As rescue teams continued their work in Chasiv Yar on Sunday, the broader war showed no signs of slowing. The apartment building strike was one incident in a grinding campaign that had already reshaped the map of eastern Ukraine and displaced millions. The search for survivors in the rubble would continue, but the larger question—how long the fighting would last and at what cost—remained unanswered.
Notable Quotes
The first was somewhere in the kitchen. The second, I do not even remember. There was lightning. We ran towards the second entrance and then straight into the basement.— Ludmila, a survivor
I was thrown into the bathroom, it was all chaos, I was in shock, all covered in blood. By the time I left the bathroom, the room was full of rubble, three floors fell down.— Venera, another survivor
The Hearth Conversation Another angle on the story
Why does a single apartment building strike warrant this level of attention when the war has killed thousands?
Because it's a moment where the abstraction becomes concrete. Fifteen people dead in one place, in one night. A woman looking for her kittens in the rubble. That's how people understand war—not through casualty counts, but through the specific, irreversible loss.
The survivors seem almost in shock. Is that typical?
Absolutely. You survive something like that and your mind hasn't caught up yet. You're walking out with an ironing board because your hands need to hold something. You're looking for kittens because that's a problem you can still solve, even though you can't.

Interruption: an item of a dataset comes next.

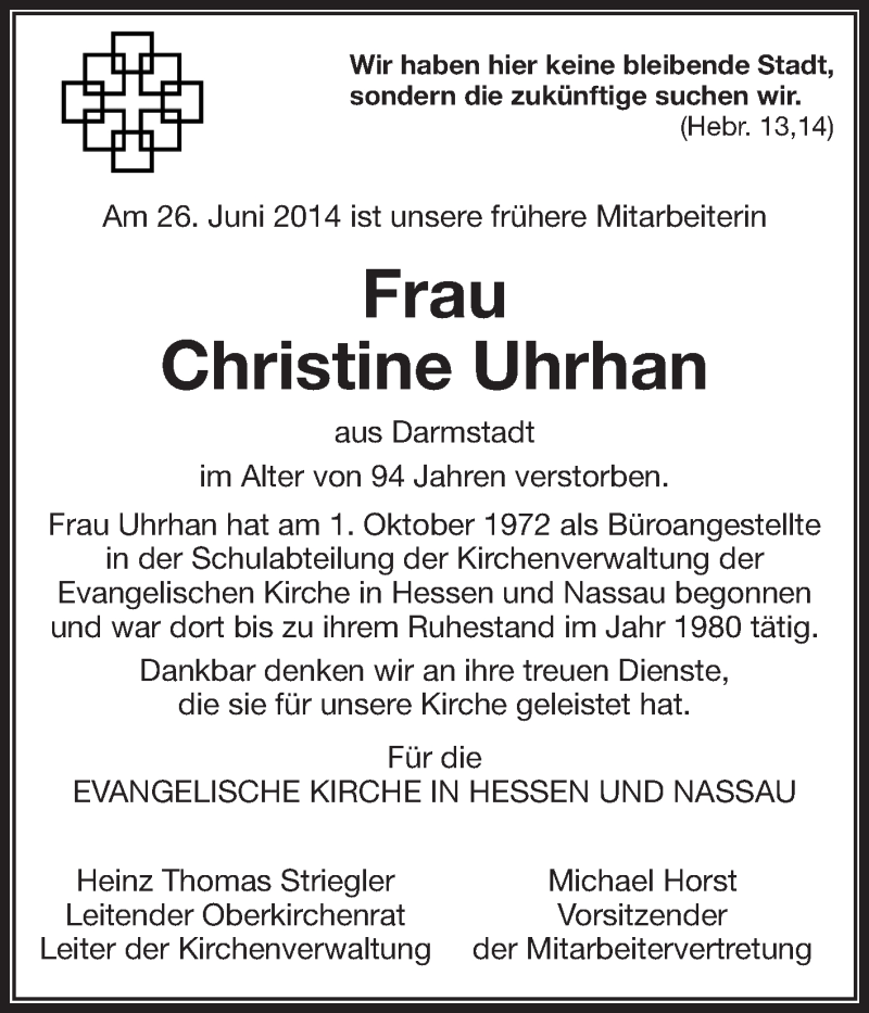 Hier finden Sie alle Traueranzeigen aus der Zeitung, die bisher für Christine Uhrhan erschienen sind. Weitere Traueranzeigen, die in der Zeitung erscheinen, werden hier ebenfalls aufgelistet

Ukraine's calling this terrorism. Is that a legal designation or political rhetoric?
Both. Legally, it matters whether Russia is designated a state sponsor of terrorism—it triggers sanctions, changes how the international community treats the country. But the word itself is also a statement: we're not going to call this war. We're going to call it what we see.
Russia denies targeting civilians. Do they believe that, or is it just what they say?
That's the question no one can answer from outside. What we know is that a five-story apartment building was hit. Whether that was the intended target or collateral damage, the result is the same for the people under the rubble.
The story mentions Ukraine preparing a counter-attack in Kherson. Does that change the calculus for civilians?
It changes everything. If you're a civilian in an occupied town and you hear your own government warning you to leave because fighting is coming, you have to choose between staying under Russian control or fleeing into uncertainty. There's no safe choice.
What happens to the survivors psychologically after something like this?
That's not in the reporting, and maybe that's the point. On Sunday morning, they're still in the immediate aftermath—retrieving belongings, telling their stories to journalists. The real reckoning comes later, when the adrenaline wears off and they have to live with what they've lost.